In addition, several pharmaceutical, biotechnology, chemical and other life sciences companies engage in research and development in the use of unique gene expression systems to produce therapeutic proteins. These competitors may develop products earlier or obtain regulatory approvals faster than we may be able to, or develop products that are more effective than ours. At least one of our major competitors, Oxford Glycosciences, Plc., is located in Europe, and our ability to use our patent rights to prevent competition in the creation and use of proteomics-driven products and technologies is more limited outside of the United States. New developments are expected to continue, and discoveries by others may render our products and technologies noncompetitive, which could lead to the failure of our business.

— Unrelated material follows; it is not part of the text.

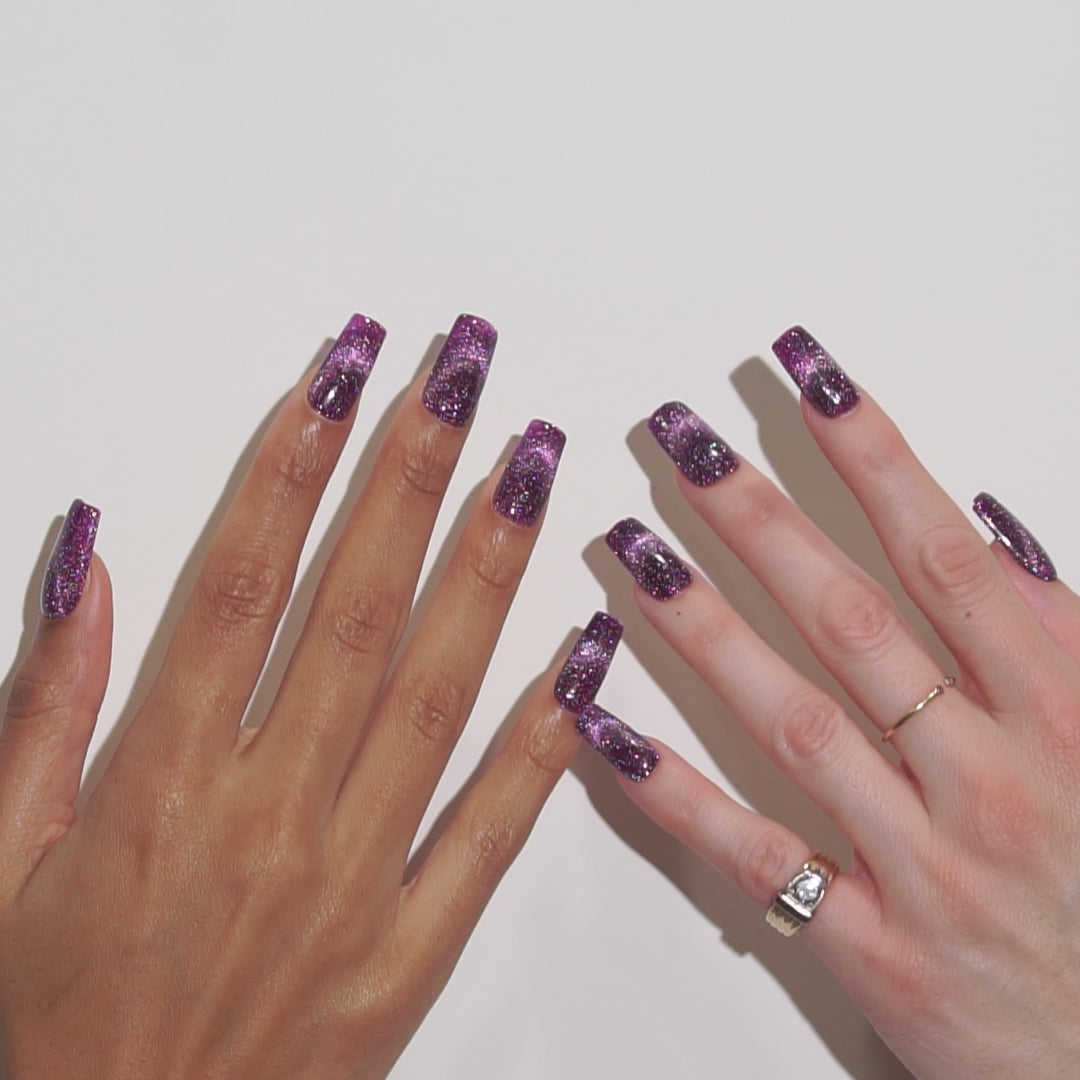 A deep purple magnet gel with flash glitter.

We may not have access to sufficiently complete, accurate or defect-free data from outside sources, including genome sequence data which would increase our costs and could affect our product development efforts
The efforts of the Human Genome Project and private companies to create a complete catalog of the human genome may not enable us to fully integrate that data with our proprietary protein databases. In addition, we obtain our data from other sources, including our academic collaborators and our sources of cell and tissue samples. This data could contain errors or other defects which could corrupt our databases or increase our costs by requiring us to use alternative methods or sources to obtain such data. In addition, data sources may have acquired this information in a manner that violates various applicable legal requirements.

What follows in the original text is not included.